Work order:
Keeping pictures out of the copy, restate each record word for word.
┌─ Data supplied
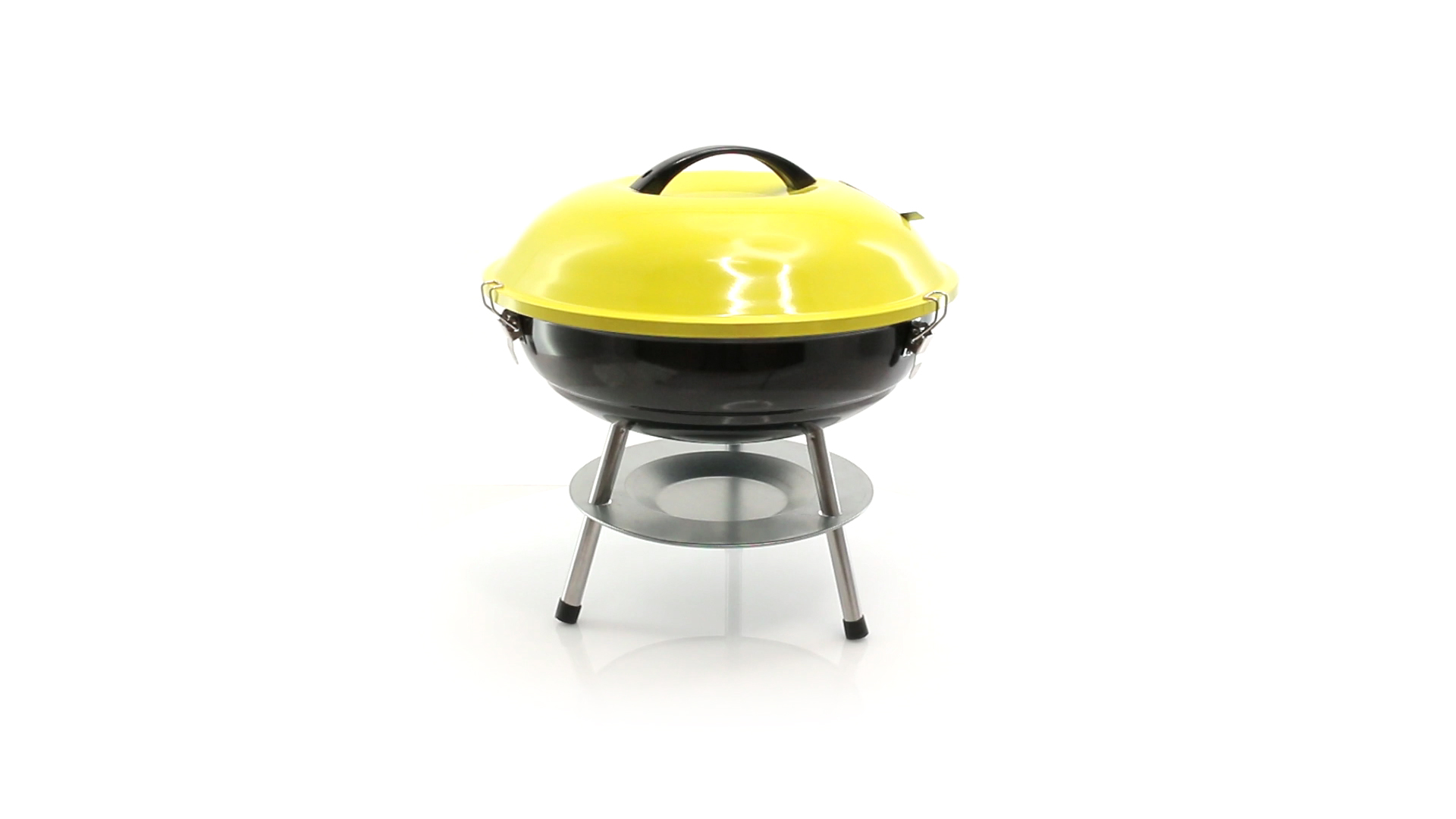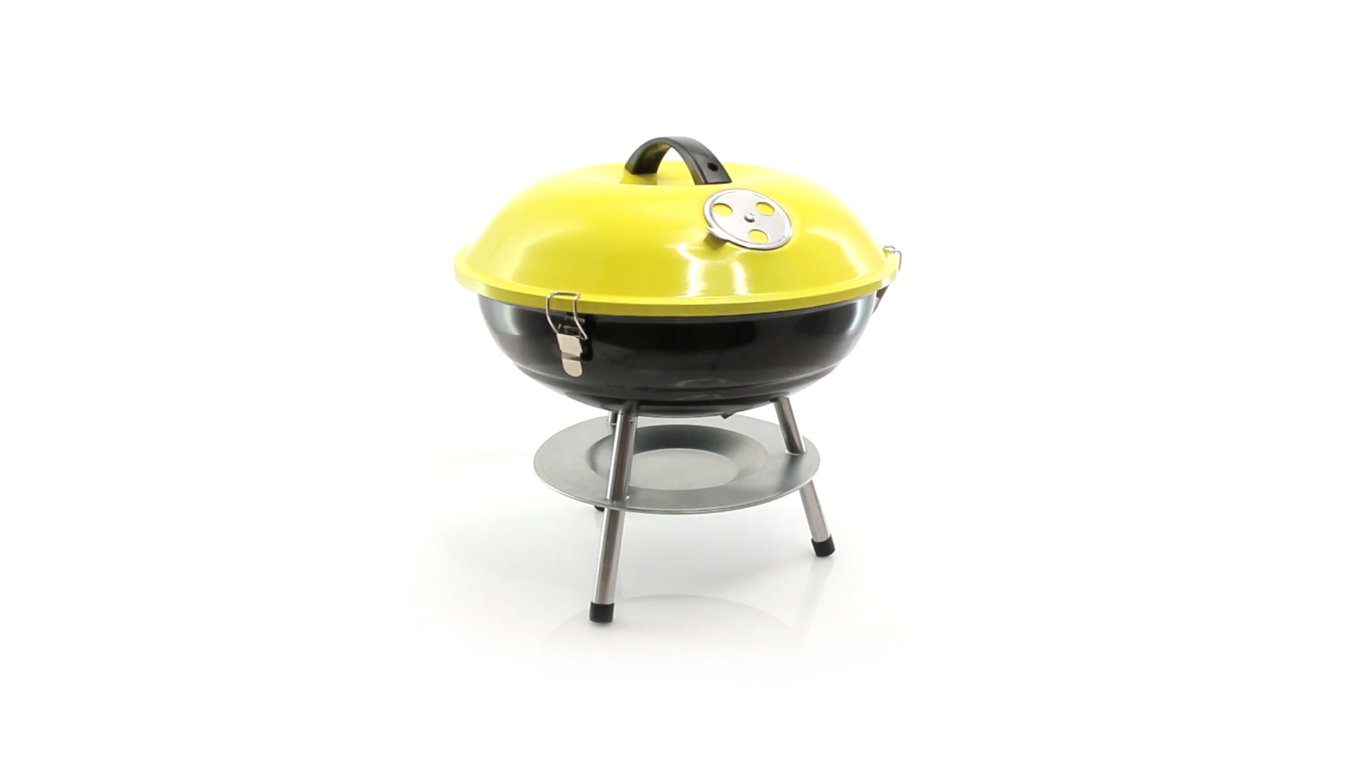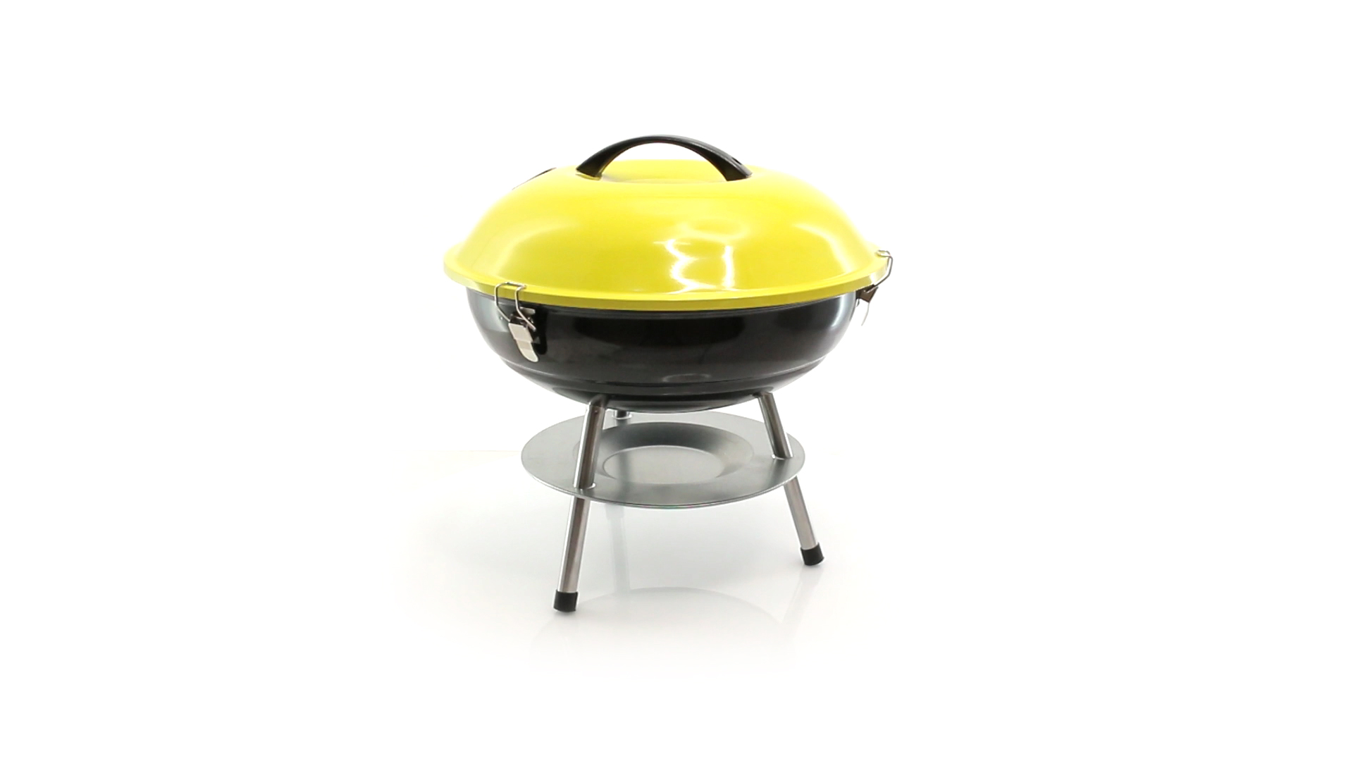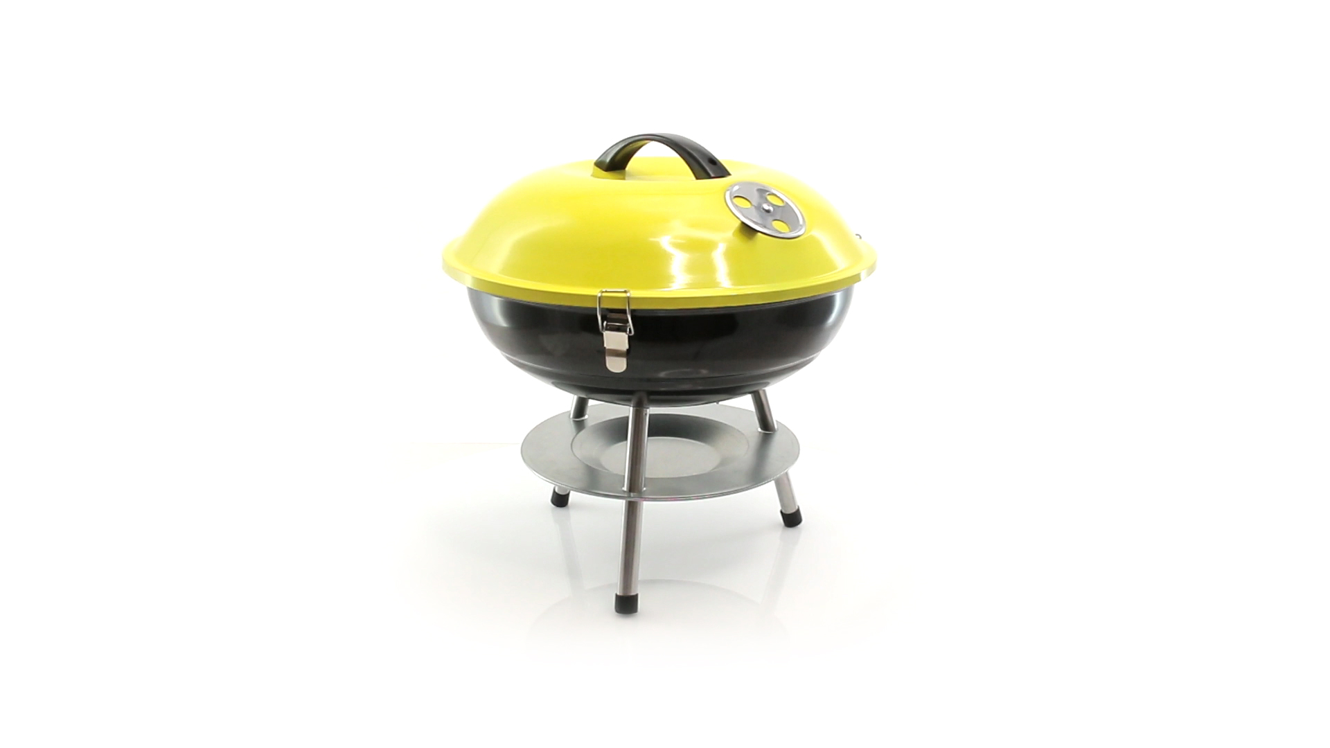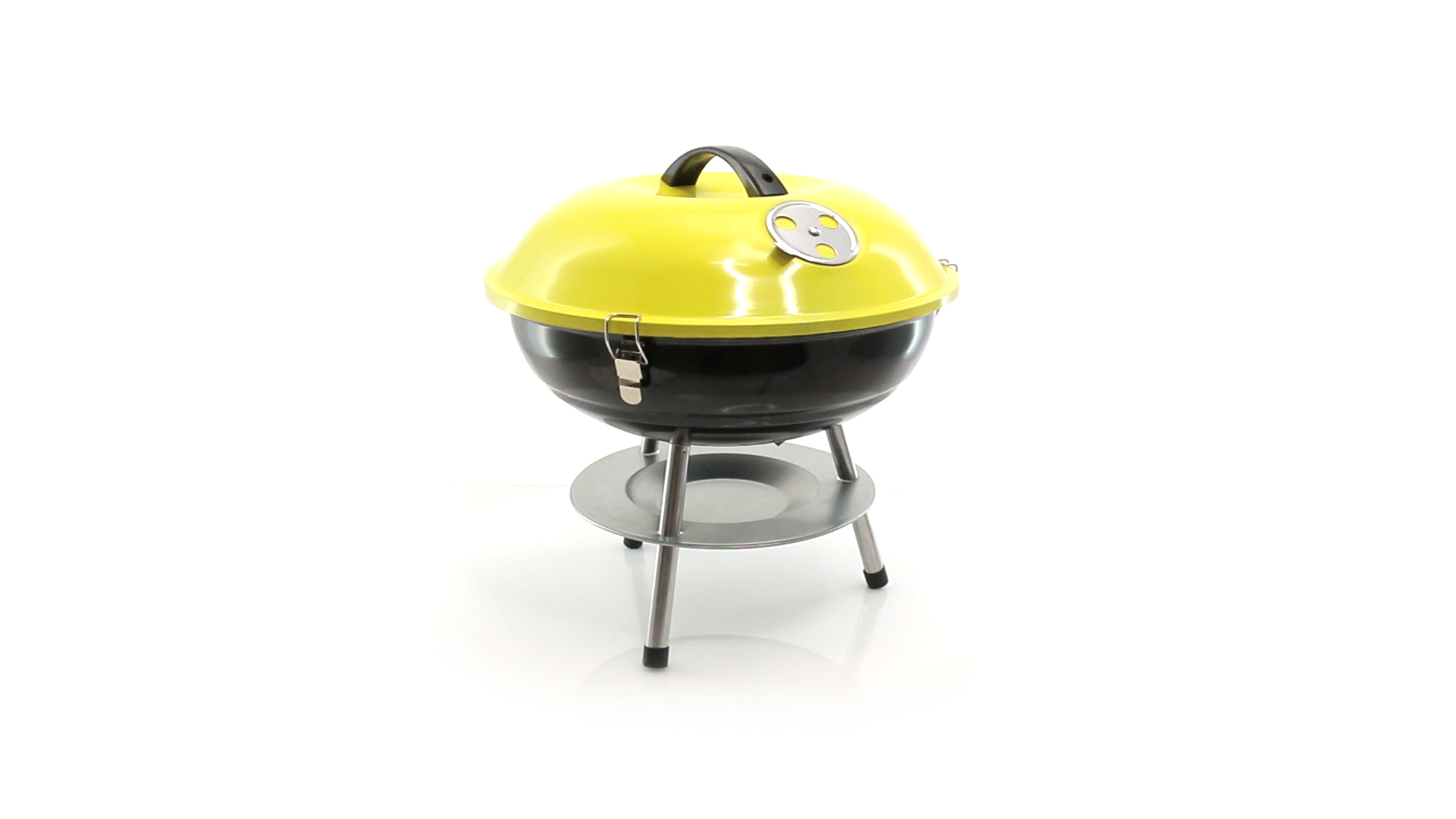Grill aus resistentem Stahl mit schwarzer Grillschale und Deckel in lebendigen Farben mit komfortablem Griff und Lüftungsöffnungen. Zudem mit Metallrost und rutschfesten Standbeinen. Präsentiert in einer attraktiven Designbox.
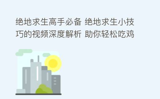 摘要:《绝地求生小技巧视频:助你成为战场高手》在《绝地求生》这款全球范围内备受欢迎的射击游戏中,掌握一些实用的技巧对于提高生存率至关重要。随着越来越多的玩家加入这场生死较量,如何从众多竞争者中脱颖而出,成为了许多玩家关注的焦点。今天,,绝地求生高手必备 绝地求生小技巧的视频深度解析 助你轻松吃鸡
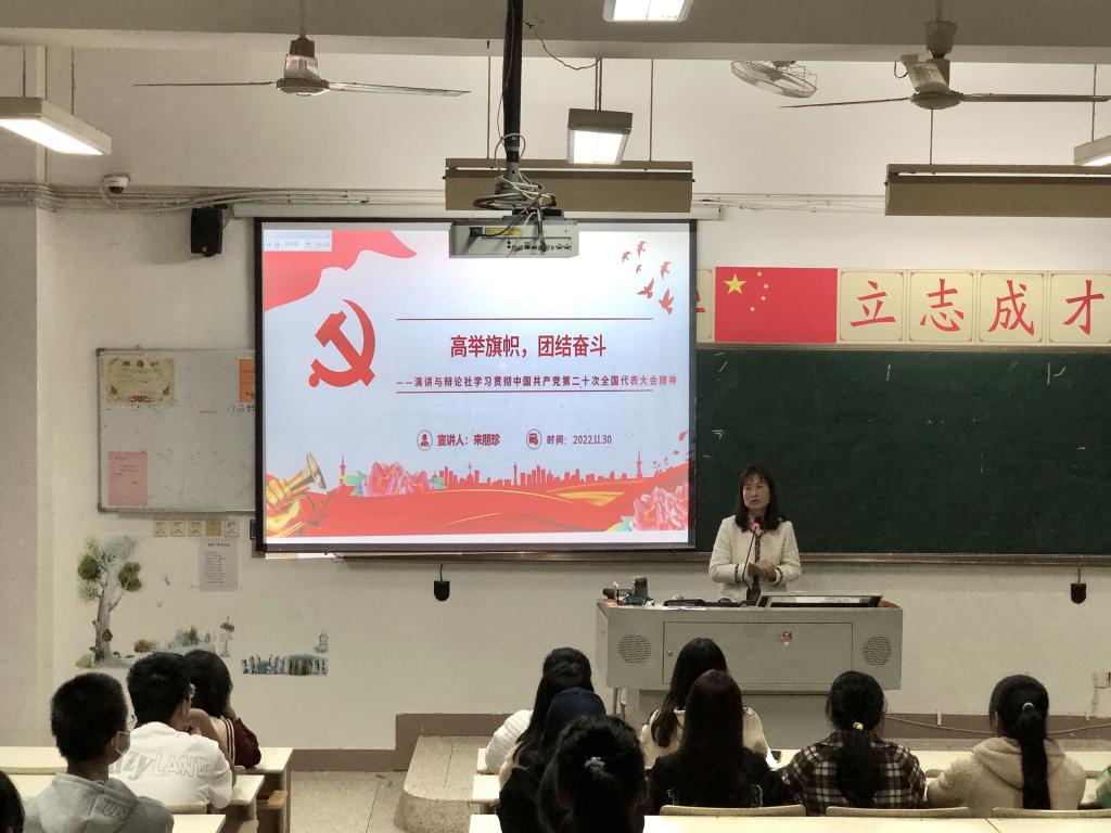 傳精神火種,聚奮進(jìn)力量。為深入學(xué)習(xí)宣傳貫徹黨的二十大精神,2022年11月30日,演講與辯論社指導(dǎo)老師來朋珍在教學(xué)樓315教室對(duì)全體社團(tuán)成員開展了“高舉旗幟奮斗團(tuán)結(jié)”為主題的學(xué)習(xí)黨的二十大精神宣講。
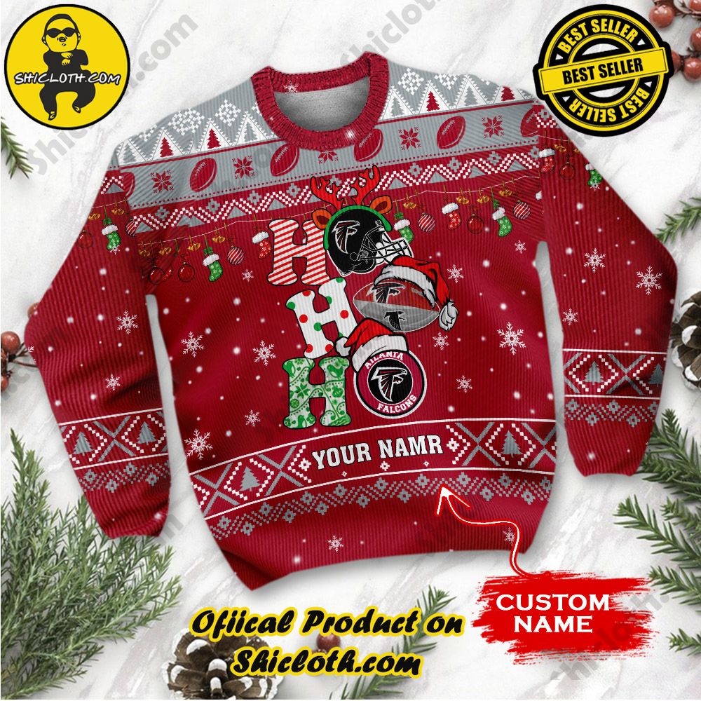 KEY FEATURES: NFL Atlanta Falcons Ho Ho Ho Custom Name Ugly Christmas Sweater
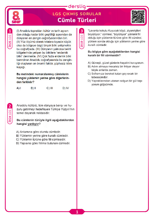 Cümle Türleri-1 (Anlamına Göre Cümleler)
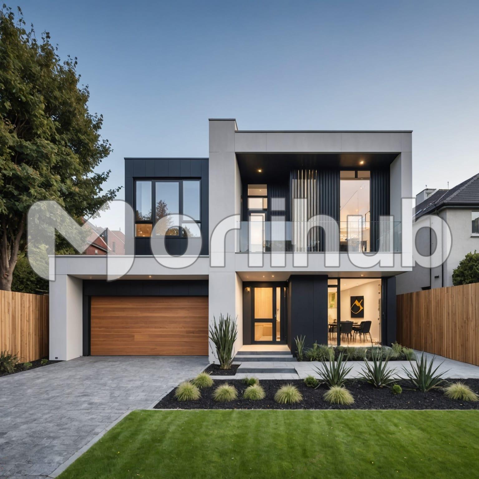 A sleek, modern house stands prominently against a backdrop of a clear sky. Its clean lines and minimalist design create a striking contrast with the expansive blue above. A tree sits in the corner of the property, its lush foliage adding a touch of nature to the contemporary setting. The house’s large windows reflect the sky’s clarity, enhancing its airy, open feel. The overall scene is one of harmonious simplicity, where modern architecture meets the serenity of a well-maintained landscape.
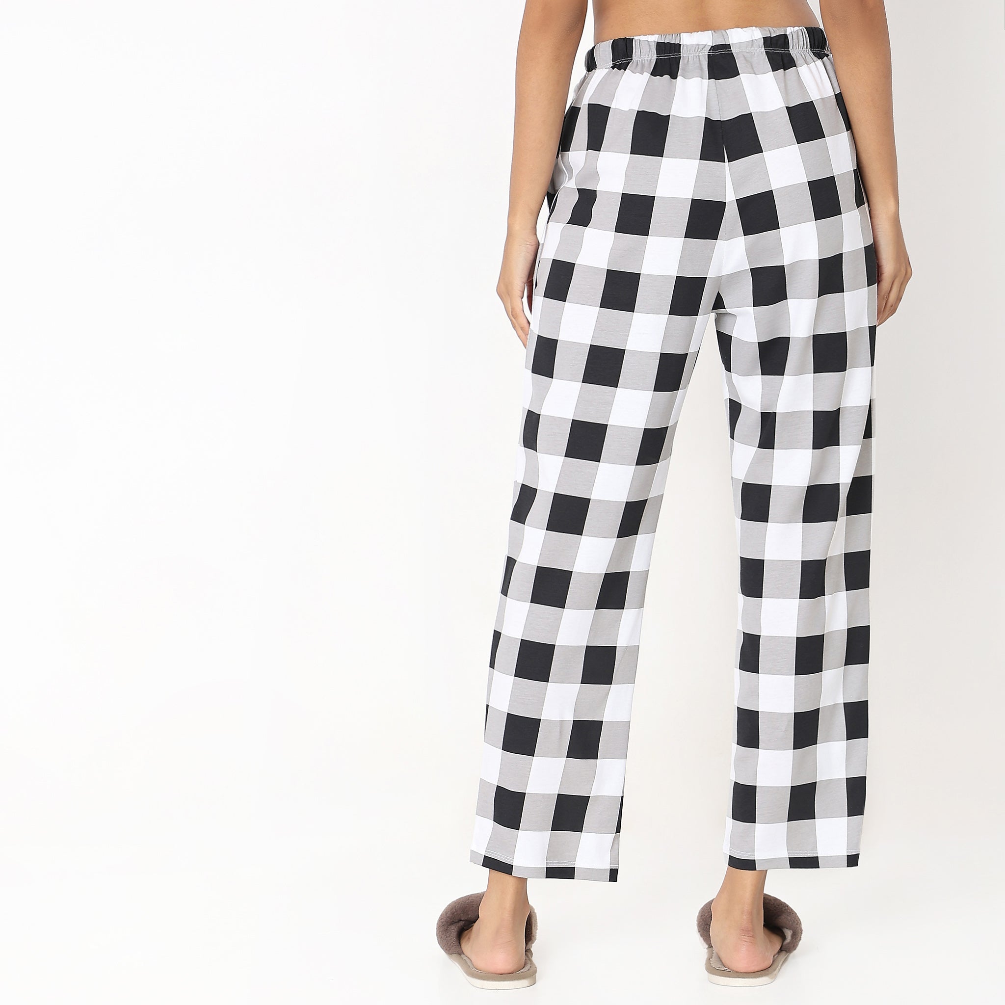 These printed pattern regular fit pyjamas has full length, mid rise waist. Made from cotton, it is soft and comfortable to wear.
└─
Answer for this exercise:
Grill aus resistentem Stahl mit schwarzer Grillschale und Deckel in lebendigen Farben mit komfortablem Griff und Lüftungsöffnungen. Zudem mit Metallrost und rutschfesten Standbeinen. Präsentiert in einer attraktiven Designbox.
 摘要:《绝地求生小技巧视频:助你成为战场高手》在《绝地求生》这款全球范围内备受欢迎的射击游戏中,掌握一些实用的技巧对于提高生存率至关重要。随着越来越多的玩家加入这场生死较量,如何从众多竞争者中脱颖而出,成为了许多玩家关注的焦点。今天,,绝地求生高手必备 绝地求生小技巧的视频深度解析 助你轻松吃鸡
 傳精神火種,聚奮進(jìn)力量。為深入學(xué)習(xí)宣傳貫徹黨的二十大精神,2022年11月30日,演講與辯論社指導(dǎo)老師來朋珍在教學(xué)樓315教室對(duì)全體社團(tuán)成員開展了“高舉旗幟奮斗團(tuán)結(jié)”為主題的學(xué)習(xí)黨的二十大精神宣講。
 KEY FEATURES: NFL Atlanta Falcons Ho Ho Ho Custom Name Ugly Christmas Sweater
 Cümle Türleri-1 (Anlamına Göre Cümleler)
 A sleek, modern house stands prominently against a backdrop of a clear sky. Its clean lines and minimalist design create a striking contrast with the expansive blue above. A tree sits in the corner of the property, its lush foliage adding a touch of nature to the contemporary setting. The house’s large windows reflect the sky’s clarity, enhancing its airy, open feel. The overall scene is one of harmonious simplicity, where modern architecture meets the serenity of a well-maintained landscape.
 These printed pattern regular fit pyjamas has full length, mid rise waist. Made from cotton, it is soft and comfortable to wear.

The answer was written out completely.